YOUR ASSIGNMENT: When the line containing "有科技媒体转载了我们的M7车" is reached, include it and end there; set down verbatim every line before it, starting at the top of the records.

Dataset entries:
....
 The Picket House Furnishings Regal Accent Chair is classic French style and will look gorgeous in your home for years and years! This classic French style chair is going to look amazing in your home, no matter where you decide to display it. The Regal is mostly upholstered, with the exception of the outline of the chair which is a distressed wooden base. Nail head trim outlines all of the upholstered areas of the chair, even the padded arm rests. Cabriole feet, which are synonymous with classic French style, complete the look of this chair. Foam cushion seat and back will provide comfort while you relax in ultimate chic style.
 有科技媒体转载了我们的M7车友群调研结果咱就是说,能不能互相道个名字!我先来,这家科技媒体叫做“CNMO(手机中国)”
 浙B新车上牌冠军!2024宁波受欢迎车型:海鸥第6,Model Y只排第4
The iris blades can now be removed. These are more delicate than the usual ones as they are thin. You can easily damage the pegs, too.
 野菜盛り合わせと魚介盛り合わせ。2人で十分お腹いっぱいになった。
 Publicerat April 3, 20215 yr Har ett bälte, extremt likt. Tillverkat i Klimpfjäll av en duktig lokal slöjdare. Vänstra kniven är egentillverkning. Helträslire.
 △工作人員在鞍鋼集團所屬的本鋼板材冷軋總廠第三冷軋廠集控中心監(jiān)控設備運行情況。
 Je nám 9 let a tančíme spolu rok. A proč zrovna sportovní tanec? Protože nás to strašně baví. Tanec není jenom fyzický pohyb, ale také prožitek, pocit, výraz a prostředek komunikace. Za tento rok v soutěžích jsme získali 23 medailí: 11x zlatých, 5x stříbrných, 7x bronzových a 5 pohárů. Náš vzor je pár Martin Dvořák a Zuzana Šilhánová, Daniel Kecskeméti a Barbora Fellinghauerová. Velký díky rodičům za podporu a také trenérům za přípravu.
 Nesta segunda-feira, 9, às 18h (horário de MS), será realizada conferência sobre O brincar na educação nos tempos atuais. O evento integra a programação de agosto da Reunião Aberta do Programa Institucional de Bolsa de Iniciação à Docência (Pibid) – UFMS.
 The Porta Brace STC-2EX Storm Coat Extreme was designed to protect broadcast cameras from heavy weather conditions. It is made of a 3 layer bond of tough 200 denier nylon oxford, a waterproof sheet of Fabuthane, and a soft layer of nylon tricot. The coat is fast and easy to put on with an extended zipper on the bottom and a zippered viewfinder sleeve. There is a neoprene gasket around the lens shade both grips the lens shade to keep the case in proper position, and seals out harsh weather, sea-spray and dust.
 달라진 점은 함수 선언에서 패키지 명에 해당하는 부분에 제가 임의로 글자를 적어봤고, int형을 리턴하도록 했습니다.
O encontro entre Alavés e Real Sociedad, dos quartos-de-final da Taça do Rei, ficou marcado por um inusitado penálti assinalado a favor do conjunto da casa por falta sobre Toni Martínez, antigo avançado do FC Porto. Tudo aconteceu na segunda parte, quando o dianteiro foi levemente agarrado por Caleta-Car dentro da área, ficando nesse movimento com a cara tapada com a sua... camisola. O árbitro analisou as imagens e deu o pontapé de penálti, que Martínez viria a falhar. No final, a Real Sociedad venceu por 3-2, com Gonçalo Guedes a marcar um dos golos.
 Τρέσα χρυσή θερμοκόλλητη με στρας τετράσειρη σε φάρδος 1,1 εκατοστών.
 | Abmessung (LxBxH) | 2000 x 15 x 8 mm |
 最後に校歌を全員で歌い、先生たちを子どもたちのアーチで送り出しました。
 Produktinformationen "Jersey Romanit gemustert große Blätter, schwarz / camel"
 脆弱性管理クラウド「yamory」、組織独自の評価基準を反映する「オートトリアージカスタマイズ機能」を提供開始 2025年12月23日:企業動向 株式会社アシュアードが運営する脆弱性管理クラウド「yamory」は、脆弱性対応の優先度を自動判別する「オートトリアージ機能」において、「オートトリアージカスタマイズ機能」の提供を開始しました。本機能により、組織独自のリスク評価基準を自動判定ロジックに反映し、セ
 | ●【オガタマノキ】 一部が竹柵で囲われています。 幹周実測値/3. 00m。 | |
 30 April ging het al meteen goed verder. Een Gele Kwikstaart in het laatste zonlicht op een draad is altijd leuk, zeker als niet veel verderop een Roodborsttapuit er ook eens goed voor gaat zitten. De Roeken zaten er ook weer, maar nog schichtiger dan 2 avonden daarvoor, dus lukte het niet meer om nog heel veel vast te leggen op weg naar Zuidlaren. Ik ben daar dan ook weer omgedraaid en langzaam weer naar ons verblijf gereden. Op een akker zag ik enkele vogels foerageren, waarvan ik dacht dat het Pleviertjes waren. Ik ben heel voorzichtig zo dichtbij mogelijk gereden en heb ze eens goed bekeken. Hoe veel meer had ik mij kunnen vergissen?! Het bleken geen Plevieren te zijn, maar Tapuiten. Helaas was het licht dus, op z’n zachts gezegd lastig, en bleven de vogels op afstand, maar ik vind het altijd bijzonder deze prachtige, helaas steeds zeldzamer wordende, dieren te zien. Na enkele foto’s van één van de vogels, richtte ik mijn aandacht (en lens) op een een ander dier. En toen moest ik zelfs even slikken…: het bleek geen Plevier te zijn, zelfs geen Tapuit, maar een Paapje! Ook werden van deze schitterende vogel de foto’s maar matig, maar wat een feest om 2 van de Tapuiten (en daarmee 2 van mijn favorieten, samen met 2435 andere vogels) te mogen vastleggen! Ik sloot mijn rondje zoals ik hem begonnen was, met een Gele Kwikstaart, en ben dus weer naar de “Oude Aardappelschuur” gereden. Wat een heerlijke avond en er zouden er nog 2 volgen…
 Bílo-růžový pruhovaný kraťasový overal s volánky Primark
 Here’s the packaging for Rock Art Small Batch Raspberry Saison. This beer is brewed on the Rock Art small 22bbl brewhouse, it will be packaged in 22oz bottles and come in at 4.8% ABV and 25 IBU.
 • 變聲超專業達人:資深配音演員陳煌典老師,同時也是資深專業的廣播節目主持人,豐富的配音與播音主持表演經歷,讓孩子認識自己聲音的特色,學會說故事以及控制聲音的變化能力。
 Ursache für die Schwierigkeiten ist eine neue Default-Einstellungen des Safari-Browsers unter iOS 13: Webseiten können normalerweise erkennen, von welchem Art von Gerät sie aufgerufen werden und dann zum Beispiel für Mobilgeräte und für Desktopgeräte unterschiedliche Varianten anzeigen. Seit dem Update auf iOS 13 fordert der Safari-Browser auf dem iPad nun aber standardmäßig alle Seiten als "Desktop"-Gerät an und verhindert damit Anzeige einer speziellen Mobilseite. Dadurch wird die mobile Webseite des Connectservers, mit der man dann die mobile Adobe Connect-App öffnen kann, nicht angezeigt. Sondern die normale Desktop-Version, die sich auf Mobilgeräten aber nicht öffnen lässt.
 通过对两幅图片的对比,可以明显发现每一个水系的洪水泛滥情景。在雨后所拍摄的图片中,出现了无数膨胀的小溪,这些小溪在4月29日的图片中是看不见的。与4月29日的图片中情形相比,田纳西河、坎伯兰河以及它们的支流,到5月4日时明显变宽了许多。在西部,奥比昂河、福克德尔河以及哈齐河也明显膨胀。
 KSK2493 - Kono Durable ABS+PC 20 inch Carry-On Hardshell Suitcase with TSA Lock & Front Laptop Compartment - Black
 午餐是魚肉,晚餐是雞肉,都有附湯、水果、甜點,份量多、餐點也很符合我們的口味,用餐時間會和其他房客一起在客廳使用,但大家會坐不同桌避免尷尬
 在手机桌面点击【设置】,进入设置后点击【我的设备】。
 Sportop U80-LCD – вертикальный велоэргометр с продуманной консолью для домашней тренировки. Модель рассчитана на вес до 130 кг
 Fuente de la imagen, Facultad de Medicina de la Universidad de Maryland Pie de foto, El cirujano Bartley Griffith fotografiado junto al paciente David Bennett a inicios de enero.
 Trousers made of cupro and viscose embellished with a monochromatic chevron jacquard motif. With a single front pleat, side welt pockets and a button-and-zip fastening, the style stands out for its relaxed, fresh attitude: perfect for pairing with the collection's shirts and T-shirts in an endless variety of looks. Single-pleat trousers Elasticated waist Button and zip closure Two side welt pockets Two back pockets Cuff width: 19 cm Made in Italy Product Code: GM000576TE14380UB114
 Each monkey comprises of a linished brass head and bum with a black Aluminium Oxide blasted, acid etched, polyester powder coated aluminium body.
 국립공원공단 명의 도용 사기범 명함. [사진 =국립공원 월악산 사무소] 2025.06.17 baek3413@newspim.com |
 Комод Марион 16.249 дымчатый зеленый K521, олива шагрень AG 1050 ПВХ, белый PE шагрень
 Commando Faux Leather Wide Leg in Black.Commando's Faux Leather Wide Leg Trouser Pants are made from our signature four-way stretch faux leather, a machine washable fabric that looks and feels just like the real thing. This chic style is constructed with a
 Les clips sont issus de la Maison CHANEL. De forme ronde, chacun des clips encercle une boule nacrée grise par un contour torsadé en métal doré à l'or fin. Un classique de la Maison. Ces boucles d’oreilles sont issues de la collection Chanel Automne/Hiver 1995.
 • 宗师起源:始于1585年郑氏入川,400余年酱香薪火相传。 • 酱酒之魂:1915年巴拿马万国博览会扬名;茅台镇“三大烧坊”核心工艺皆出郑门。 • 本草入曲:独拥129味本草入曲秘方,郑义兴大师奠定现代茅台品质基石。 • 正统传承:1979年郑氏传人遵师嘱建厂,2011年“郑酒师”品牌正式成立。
....
EXERCISE SOLUTION:
 The Picket House Furnishings Regal Accent Chair is classic French style and will look gorgeous in your home for years and years! This classic French style chair is going to look amazing in your home, no matter where you decide to display it. The Regal is mostly upholstered, with the exception of the outline of the chair which is a distressed wooden base. Nail head trim outlines all of the upholstered areas of the chair, even the padded arm rests. Cabriole feet, which are synonymous with classic French style, complete the look of this chair. Foam cushion seat and back will provide comfort while you relax in ultimate chic style.
 有科技媒体转载了我们的M7车友群调研结果咱就是说,能不能互相道个名字!我先来,这家科技媒体叫做“CNMO(手机中国)”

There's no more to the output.